The Gunwinyguan languages (Gunwinjguan, Gunwingguan), also core Gunwinyguan or Gunwinyguan proper, are a possible branch of a large language family of Australian Aboriginal languages in Arnhem Land, northern Australia. The most populous language is Kunwinjku, with some 1500 speakers.
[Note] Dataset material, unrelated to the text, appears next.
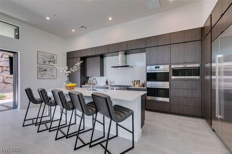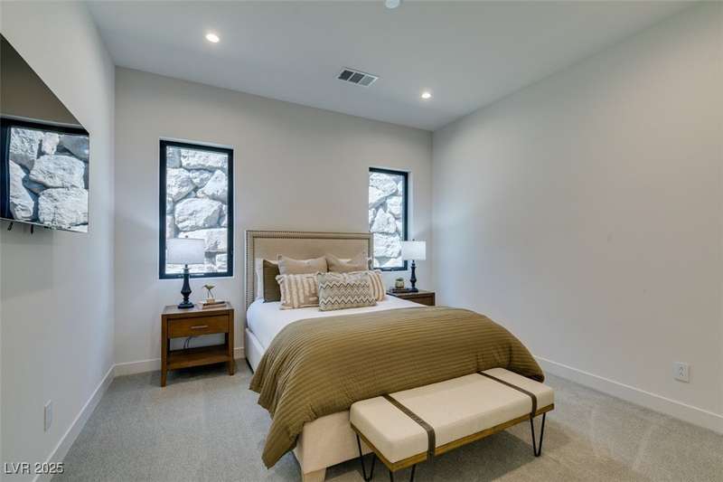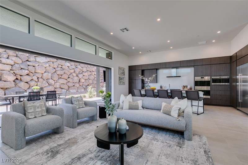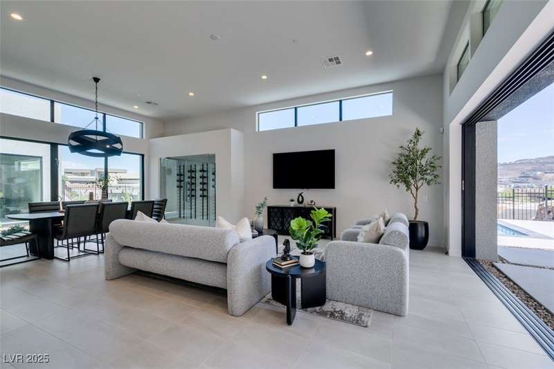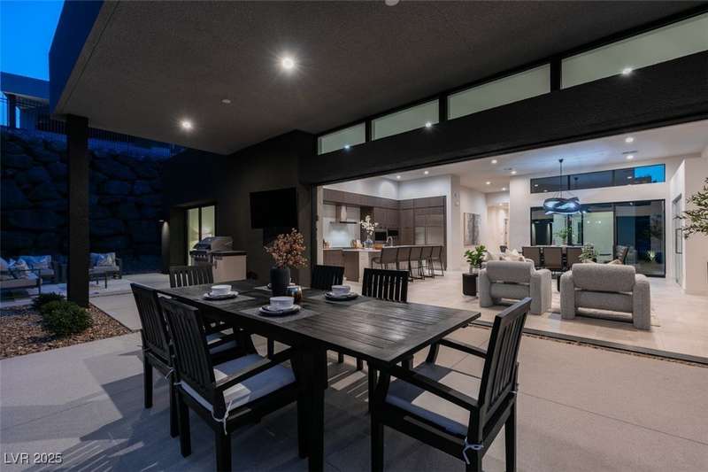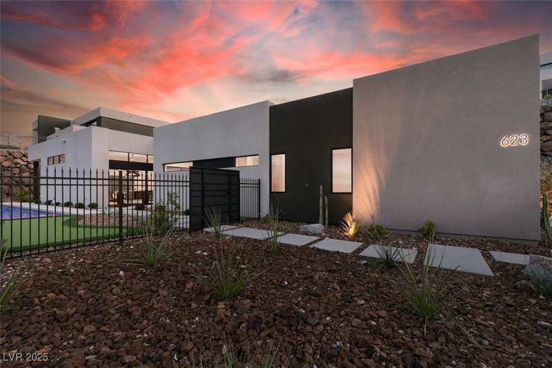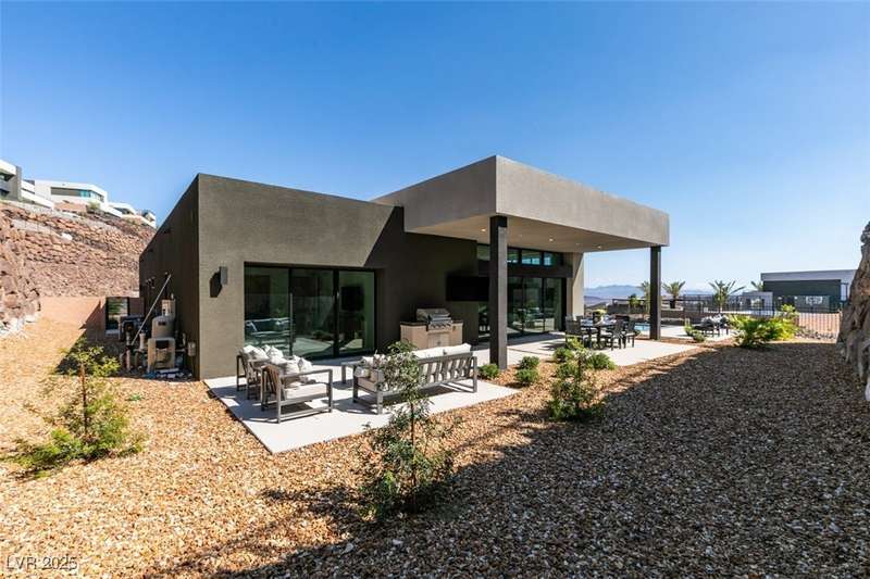 Rare opportunity to own a 2024, never lived in, Blue Heron masterpiece in one of Las Vegas’ most exclusive communities, MacDonald Highlands Country Club. Casa Solara is a modern desert sanctuary where striking architecture meets resort living. This single-story ASPECT model, boasting a sparkling pool and spa, is tucked within a cul-de-sac in the private enclave of Dragon Rock and showcases 4 bedrooms, including 3 en-suites. Designed for seamless indoor-outdoor living, oversized stacking sliders open to a sleek pool, spa, and sun-drenched lounge spaces. Dramatic Canyon, City and Mountain Views, wine wall and expansive great room set the stage for elevated entertaining. Within the guard-gated MacDonald Highlands CC, enjoy world-class golf, tennis, pickleball, fitness, dining, and unparalleled security. Casa Solara isn’t just a home, it’s a lifestyle of luxury, sophistication, serenity. State tax advantage in Nevada, a state with no individual, corporate, estate, or inheritance taxes.

Gunwinyguan languages have a fortis–lenis contrast in plosive consonants. Lenis/short plosives have weak contact and intermittent voicing, while fortis/long plosives have full closure, a more powerful release burst, and no voicing.

Languages
The list here is based on Green (2003).  However, Green believes the similarities among these languages are due to shared retentions from Proto-Arnhem, and are not indicative of an exclusive relationship between them.

Gunwinggic: Kunwinjku (Gunwinggu), Kunbarlang
Jawoyn (Djauan)
Dalabon (Ngalkbun)
Jala (Rembarngic): Rembarrnga, Ngalakgan
Warrayic: Waray, Uwinymil

Yangmanic had once been included, but has been removed from recent classifications. Various other languages appear to be related to this Gunwinyguan core. This larger family is sometimes also called Gunwinyguan, but more unambiguously Macro-Gunwinyguan or Arnhem.